Face recognition methods. In our white-box attack experiment, the backbone of the face recognizer [6] is pre-trained ResNet50 under ArcFace. The face recognizer takes cropped images (112 × 112) as input and returns the final 512-D embedding features. To illustrate the transferability, we further use recognizers [8] pre-trained under CosFace with ResNet34 and ResNet50 as the backbone respectively to verify the black-box attack performance. We choose these two FRS as ArcFace and CosFace perform SOTA in face recognition.

Mask detection methods. The mask detection method bases on RetinaNet [26] , an efficient one-stage objects detecting method. The pre-trained model [37] we used is competitive in existing mask detectors, achieving 91.3% mAP at the face_mask validation dataset (including 1839 images). The mask detector outputs two probabilities of not-masked and masked faces respectively. By comparing these two probabilities, we can judge whether there is a mask.

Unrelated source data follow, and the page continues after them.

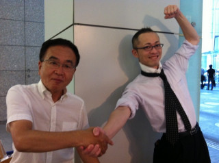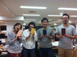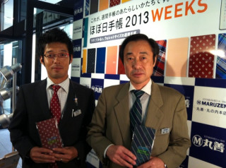 (写真4) 左の方(丸善文具ご担当・渡辺さん): 「店長、知ってますか? 『ほぼ日』の「ただいま製作中!」 あのページに、ぼくら出るんですよ。」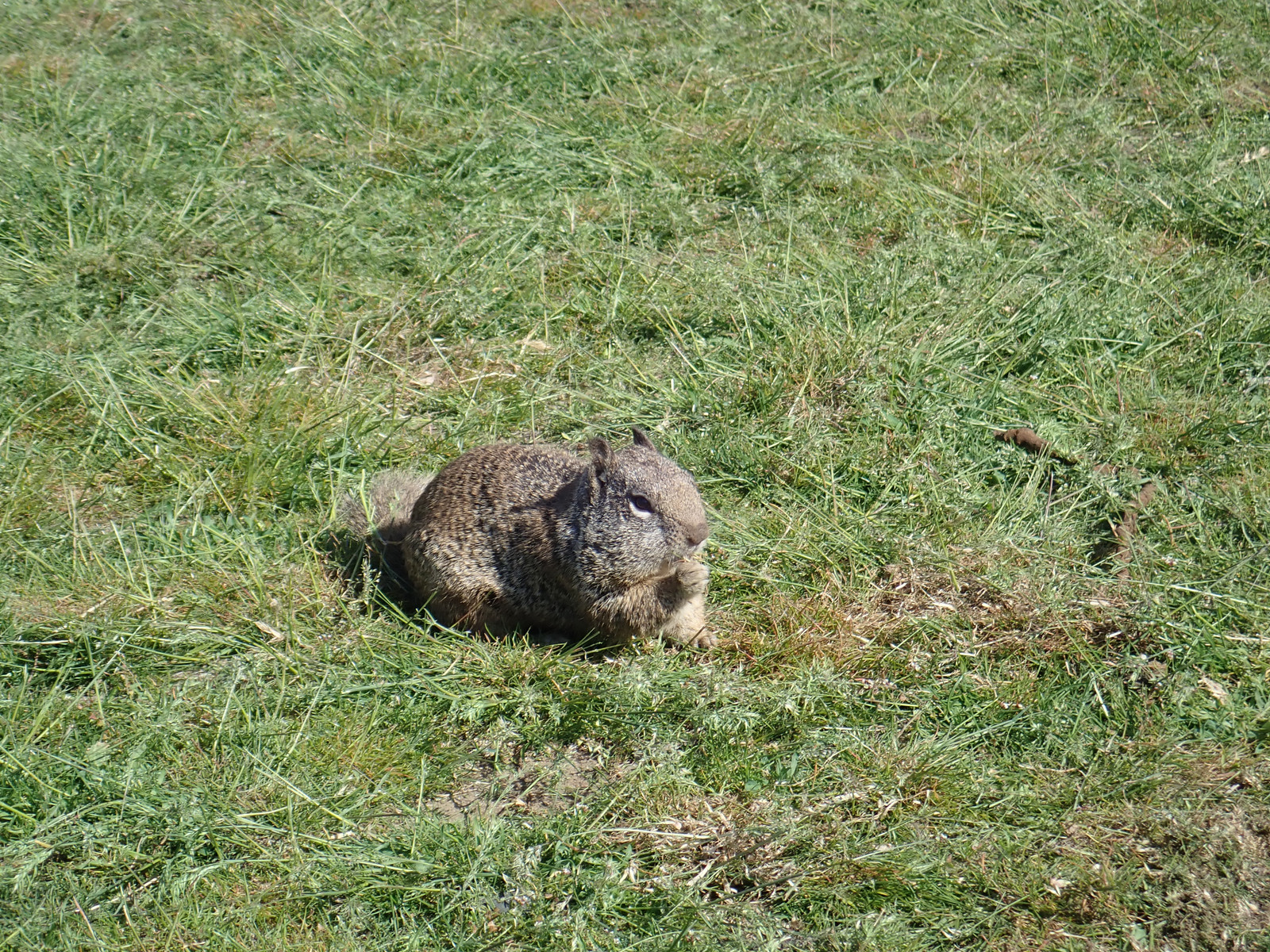 The big, fat squirrel seemed more than happy to just snack on grass, or whatever he managed to find in the grass.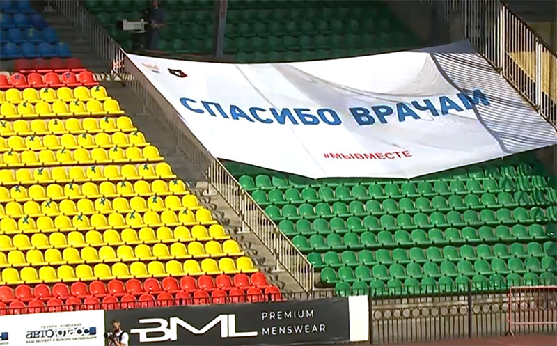 Медицинэм иIофышIэхэм ясурэтхэр ешIакIохэм ямайкэхэм атешIыхьагъэх, зэрафэразэхэр тепххэм атетхагъэх. Стадионхэм ащыкIохэрэ зэIукIэгъухэр зэпагъэухэзэ, зэхэщакIохэр, ешIакIохэр къэгущыIагъэх, врачхэм «тхьашъуегъэпсэу» къараIожьыгъ. Командэхэм якапитанхэу, ешIакIохэу Игорь Акинфеевыр, Александр Мартынович, Сослан Джанаевыр, Андрей Малых, нэмыкIхэри видео едзыгъохэм къащыгущыIагъэх.

Datasets. We utilize 1M images of 690K individuals in MegaFace Challenge 1 as the gallery set. In terms of the probe set, we refer to the setting of MegaFace [22] and use a subset of FaceScrub (i.e., 3,530 images of 80 celebrities) for efficiency. For the template images used to extract faced masks, we use StyleGAN to generate images with seeds numbered from 1 to 13,000. As some generated images have illumination or occlusion problems, we manually select 3,136 high-quality face images.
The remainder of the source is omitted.